Kevin Drum told me to get back on my butt. Actually for me personally to stay on my butt, since, so far in my brief blogging adventure I have risked a painful stress injury to my sacroiliac. He linked to Jonathan Chait who argued, fairly convincingly, that reporters should use lexis-nexis more an wear out their shoe leather less.
Chait notes that reporters believe that they should provide new information, in short news, and that it is cheating to quote things available on the web. I agree that this is unfortunate, since there are many important relevant facts known to lexis nexis or even google which the average person doesn't know, the average regular newspaper reader doesn't know and the average hard working shoe leather consuming reporter doesn't know. This leads to the strange pattern of Atrios and Bob Somerby regularly pointing out important errors in news stories *without quitting their day jobs*. Now, I'm sure that our outstanding press corps could find errors in Atrios' and Somberby's posts, but they would have to get on their butts and search a database to do so.
The worst feature of the need to get new facts is that they are typically the fact that an official claims something, which claim might be factual but often isn't. This means that reporters who want something new to report have to be diplomatic with their sources, typically by not getting rude in print or on screen when the sources lie to them. In short, the need for new news causes reporters to report new falsehoods which they know to be false and not new facts.
This struck me today, when I was reading the excellent AJR article praising Knight Ridder Washington reporters Warren Strobel and Jonathan Landay who cut through the administrations Iraqi WMD spin while (all?) other major news sources fell for it. Strobel explains their secret
Strobel says their conclusions came from a lot of extra digging and
source-building they were forced to do without the red-carpet access to
high-level officials that some of the nation's top media outlets enjoy.
"Knight Ridder is not, in some people's eyes, seen as playing in the same
ball field as the New York Times and some major networks,"People at the Times were mainly talking to senior administration officials, who were mostly pushing the administration line. We were mostly talking to the lower-level people or dissidents, who didn't necessarily repeat the party line."
Those sources, Knight Ridder Washington Editor Clark Hoyt adds, were "closest to the information."
In short they got to the real facts, in part, because the top players game them limited access, so they had to go to the lower ranking non-political experts for quotes.
Now this example of excellent shoe leather journalism proves its enormous value (acknowledged by Chait by the way).

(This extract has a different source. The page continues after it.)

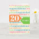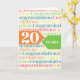 This is a colourful Employee Anniversary 20 Years Congratulations card. The background congratulations pattern features the repeated word 'Congratulations' written in red, orange, yellow, green and jade against a white background. The text '20 YEARS' is written on two centrally placed point tipped labels, one in orange and one in green, with a drop shadow to give the illusion of the labels standing out from the background.

However, once Knight-Ridder had broken the story, the higher status news sources could have quoted them no ? They could also have decided to follow Strobel and Landay's example by talking to people who have limited incentives to lie when they are off the record.
Un-named journalistic sources make it clear to people whose blogs I read that fear of being frozen out influences coverage of the Bush administration. This is absurd, but it is ten times absurd when it is made clear that the alternative to being frozen out is being fed lies.